Sanfilippo syndrome: Research team resolves structure of crucial enzyme for the first time


Functional characterization and architecture of human HGSNAT. Credit: Nature Structural & Molecular Biology (2024). DOI: 10.1038/s41594-024-01315-5

For the first time, a team co-led by CHU Sainte-Justine researcher and professor in the Faculty of Medicine at Université de Montréal, Alexey Pshezhetsky has succeeded in resolving the unique structure of the HGSNAT enzyme, a deficiency of which causes Sanfilippo syndrome, a rare pediatric disease affecting the central nervous system.

Through collaboration with a team from Shanghai University, the structure of this enzyme and the mechanism of its function were revealed using high-performance cryogenic electron microscopy. This discovery will enable the development of new treatments for Sanfilippo disease as well as similar fatal neurodegenerative disorders.

the study is published in the journal Nature Structural & Molecular Biology,

A deadly and complex condition

Sanfilippo syndrome is a metabolic disorder resulting from genetic mutations that cause the accumulation of the molecule heparan sulfate in brain cells. The HGSNAT enzyme is essential for the degradation of heparan sulfate. In Sanfilippo syndrome, genetic mutations in HGSNAT prevent it from folding and functioning correctly. As a result, heparan sulfate accumulates, causing neuronal death and leading to dementia in affected children.
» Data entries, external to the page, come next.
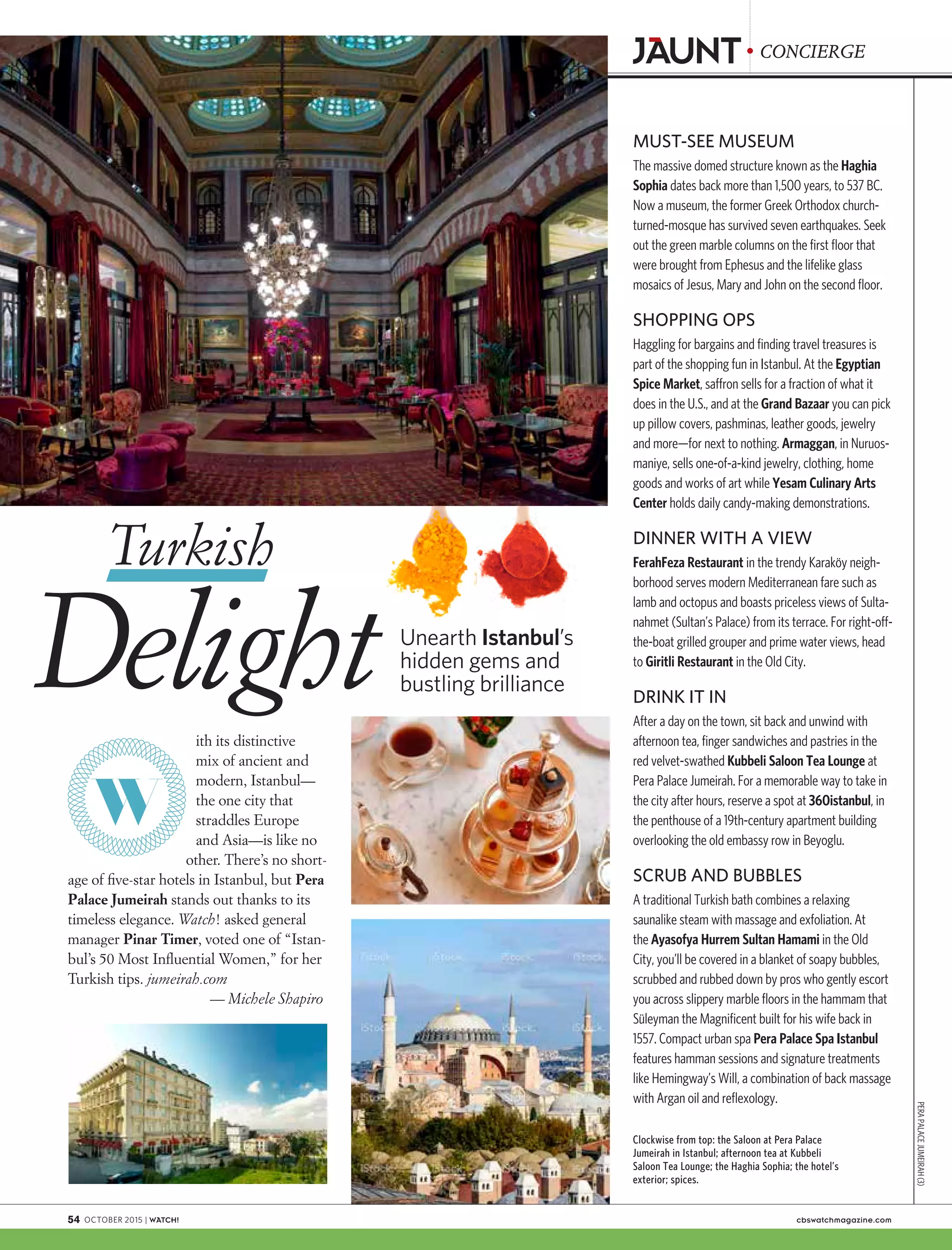 This document provides travel tips and recommendations for visiting Istanbul, Turkey. It highlights several must-see attractions, including the historic Hagia Sophia museum with its green marble columns and glass mosaics. It also recommends shopping at the Egyptian Spice Market and Grand Bazaar for bargains. For dining, it suggests the FerahFeza Restaurant for its Mediterranean food and views of the Sultan's Palace, or Giritli Restaurant for grilled seafood and waterfront setting. It also describes relaxing activities like afternoon tea at the Kubbeli Saloon Tea Lounge and nighttime views from 360istanbul rooftop bar. Traditional Turkish baths at locations like Ayasofya Hurrem Sultan Hamami provide ex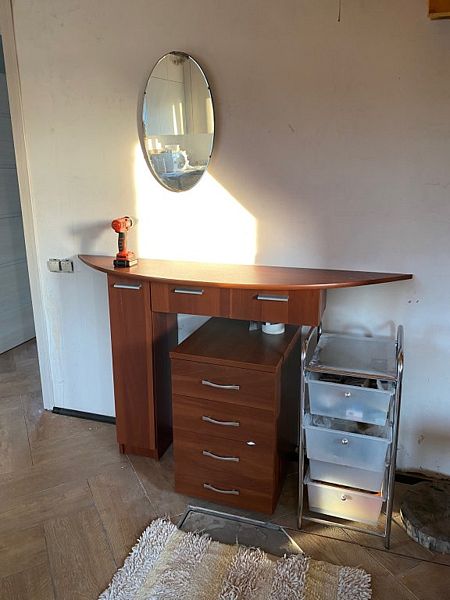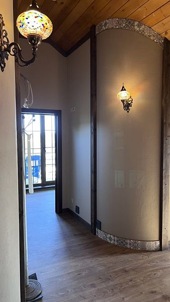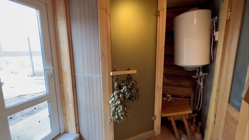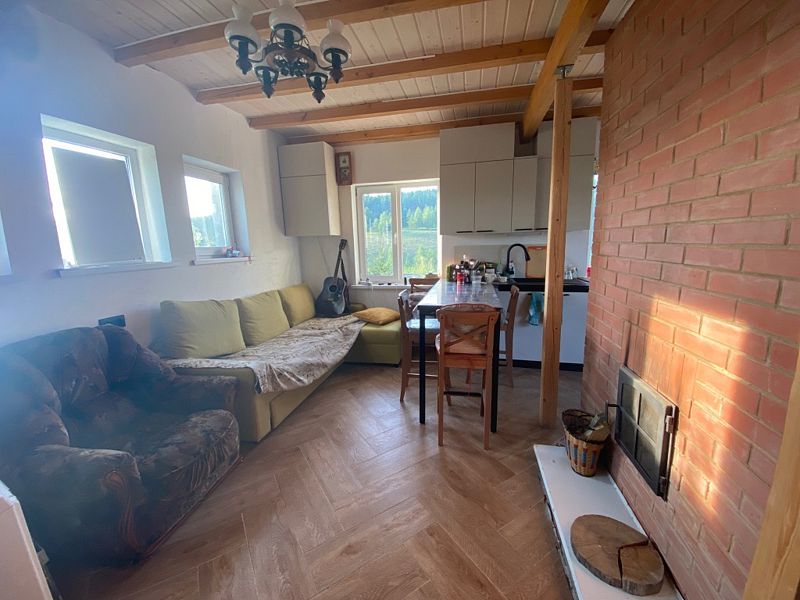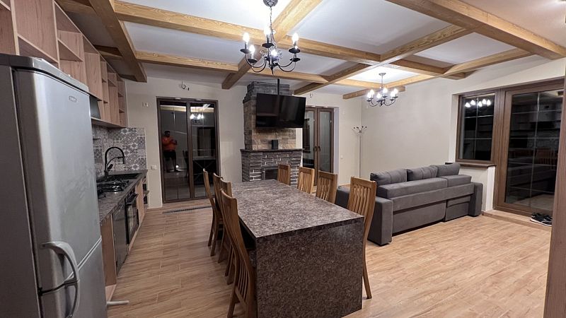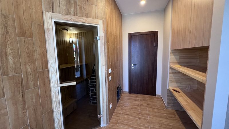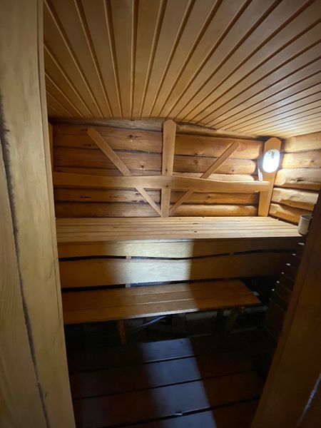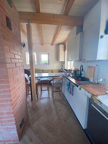 Первый этаж: зал совмещенный с кухней (посудомоечная машина, газовая плита, дровяная печь-мангал-камин, баня, душевая, туалет, стиральная машинка)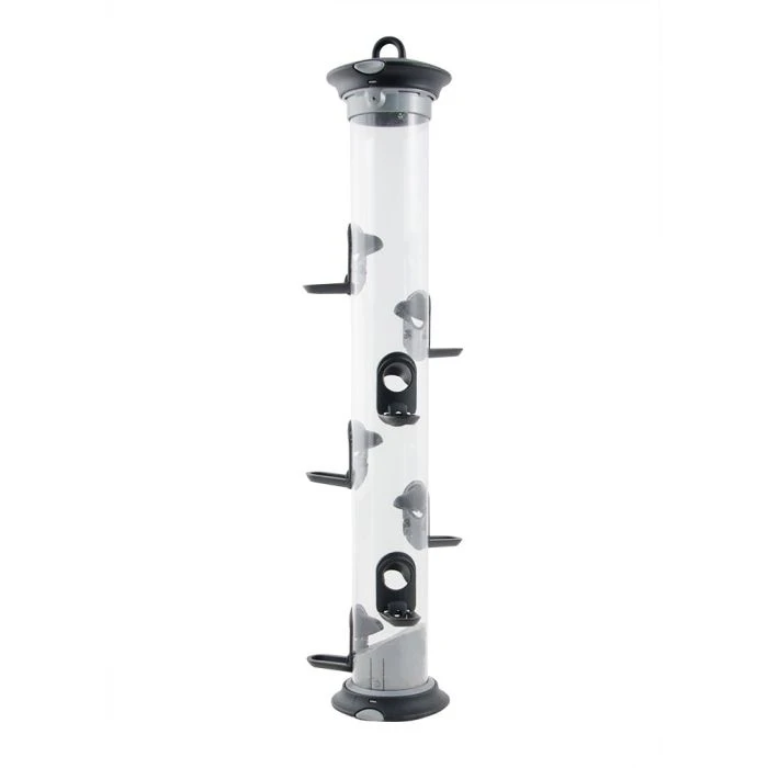 This seed feeder helps to make bird feeding even easier. The base, lid and ports are easily removed with our unique ‘Click & Go’ release system which allows you to dismantle the feeder in just 10 seconds! Straight forward to reassemble and fill your feeder without the use of tools. The unique ventilation system in the lid prevents condensation in the tube, helping to keep food fresh for longer.

“In basic terms, Sanfilippo is similar to Alzheimer’s disease, but it occurs in children aged 2 or 3 years old,” explained researcher Alexey Pshezhetsky, who is also a professor at Université de Montréal. “Starting from this age, the affected children’s development stagnates, and they then regress, eventually passing away toward the end of adolescence.”

Sanfilippo syndrome: Major advancement toward developing a treatment

Proposed catalytic mechanism of human HGSNAT. a, The entrance of Ac-CoA from the cytosolic side causes the expansion of the reaction tunnel and repositioning of Met282, Phe313, Lys341 and Arg345. b, The glucosamine group of the substrate accesses the catalytic residues Asn286 and His297 from the luminal side. c, After the acetylation reaction. d, CoA and acetylated substrate dissociate from the enzyme. e, Proposed catalytic mechanism. His297 activates the amine group of glucosamine for a nucleophilic attack on the carbonyl group of Ac-CoA facilitated by the Asn286. Credit: Nature Structural & Molecular Biology (2024). DOI: 10.1038/s41594-024-01315-5

Although there is currently no treatment for this condition, much hope is pinned on what is called “chaperone therapy” (CT). CT involves administering a small molecule that binds to the mutant enzyme and helps it fold properly, enabling it to function normally.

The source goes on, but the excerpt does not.